• [How to complete this task] Exactly reproduce the lines of the listing below from the one containing "Jelly Comb Type" through the one containing "Vintage Cloisonné Enamel". Skip the images.

• [Records for this task]
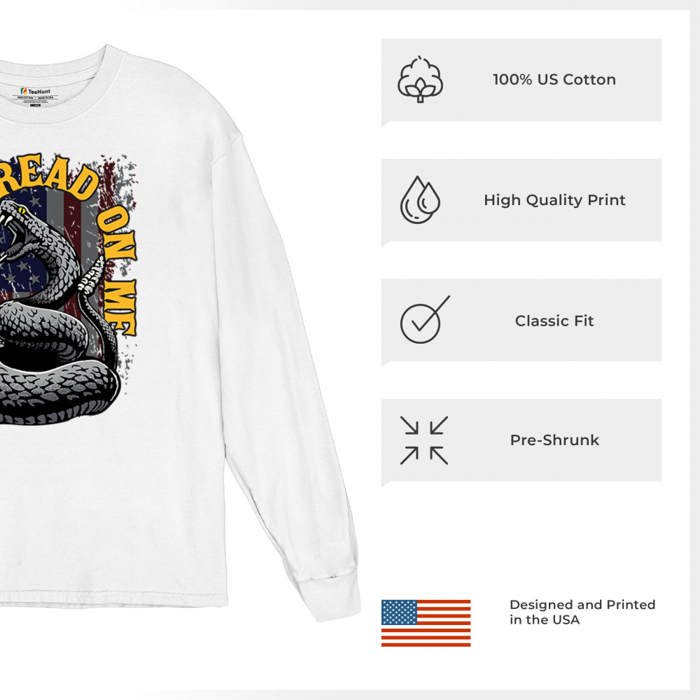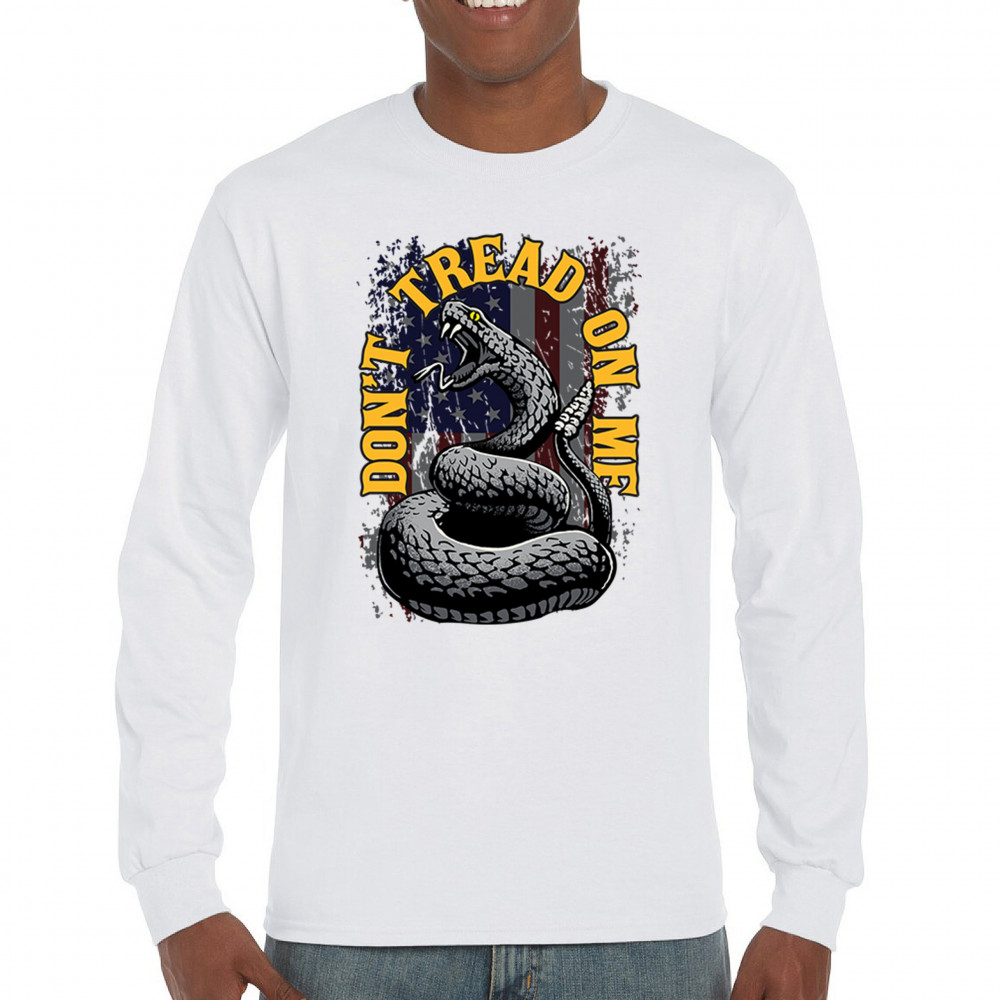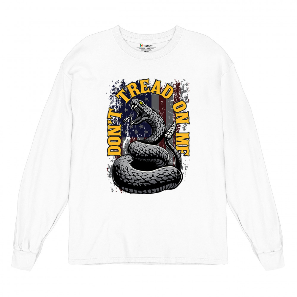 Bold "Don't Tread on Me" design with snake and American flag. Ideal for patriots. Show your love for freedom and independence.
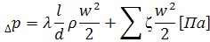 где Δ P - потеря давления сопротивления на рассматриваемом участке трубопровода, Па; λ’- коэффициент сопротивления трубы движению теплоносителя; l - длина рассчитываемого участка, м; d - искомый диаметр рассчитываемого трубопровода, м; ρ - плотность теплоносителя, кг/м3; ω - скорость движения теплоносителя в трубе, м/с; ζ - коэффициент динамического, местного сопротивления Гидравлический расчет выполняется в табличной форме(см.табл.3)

--

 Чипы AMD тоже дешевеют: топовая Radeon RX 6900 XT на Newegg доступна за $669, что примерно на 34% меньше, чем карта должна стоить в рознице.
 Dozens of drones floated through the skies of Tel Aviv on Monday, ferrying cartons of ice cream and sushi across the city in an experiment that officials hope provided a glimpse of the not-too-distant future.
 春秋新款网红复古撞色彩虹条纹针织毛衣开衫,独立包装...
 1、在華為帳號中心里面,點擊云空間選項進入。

...

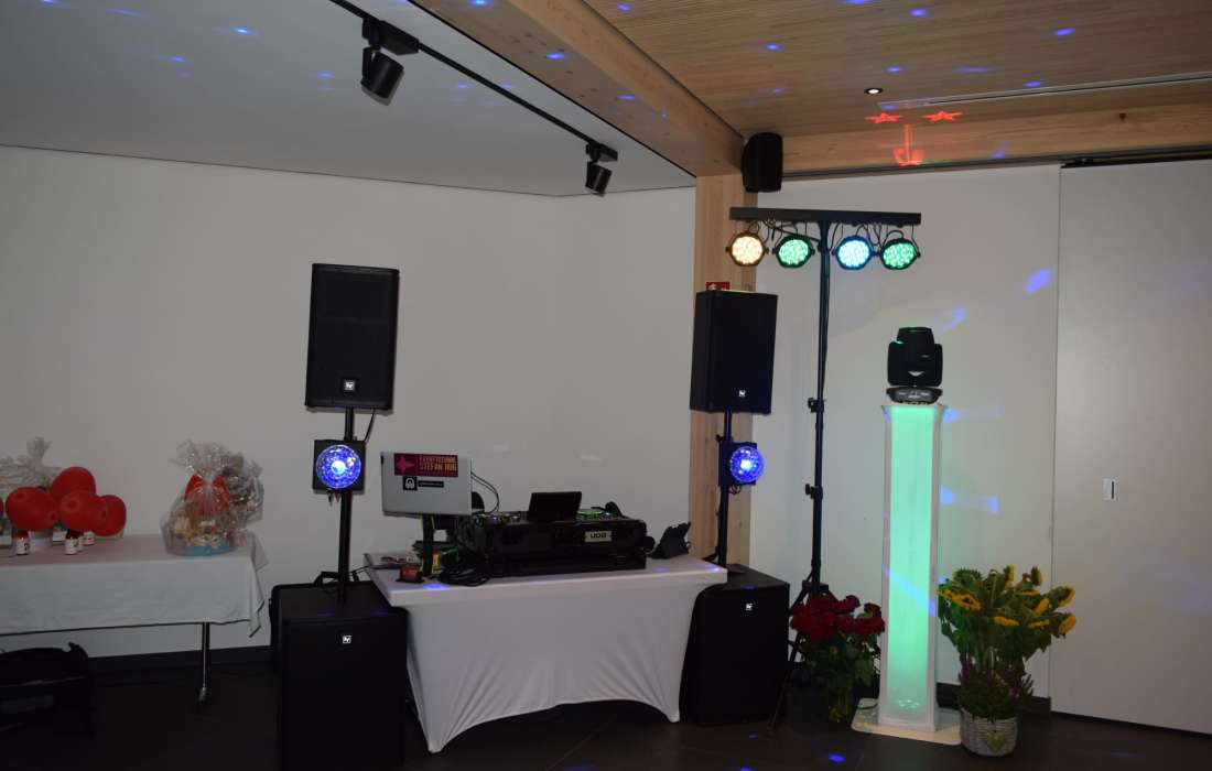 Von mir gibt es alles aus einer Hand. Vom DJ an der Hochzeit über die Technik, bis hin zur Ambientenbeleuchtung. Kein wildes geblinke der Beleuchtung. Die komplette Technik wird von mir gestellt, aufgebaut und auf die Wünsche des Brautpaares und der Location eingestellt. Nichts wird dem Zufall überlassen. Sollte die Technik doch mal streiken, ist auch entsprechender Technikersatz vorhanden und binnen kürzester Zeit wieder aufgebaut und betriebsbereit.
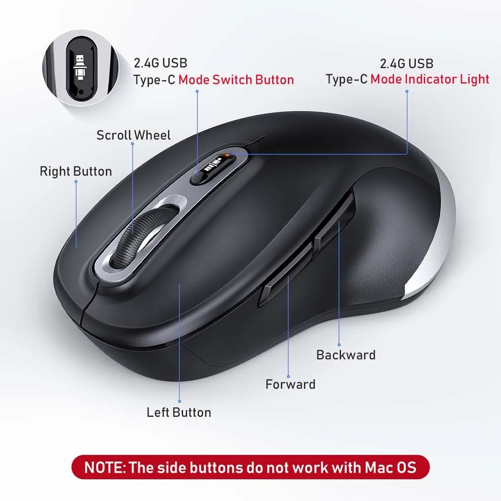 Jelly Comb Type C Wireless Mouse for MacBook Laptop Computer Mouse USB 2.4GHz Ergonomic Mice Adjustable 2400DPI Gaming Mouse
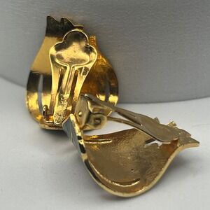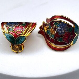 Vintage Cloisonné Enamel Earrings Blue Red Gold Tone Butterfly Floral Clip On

• [Result below]
 Jelly Comb Type C Wireless Mouse for MacBook Laptop Computer Mouse USB 2.4GHz Ergonomic Mice Adjustable 2400DPI Gaming Mouse
 Vintage Cloisonné Enamel Earrings Blue Red Gold Tone Butterfly Floral Clip On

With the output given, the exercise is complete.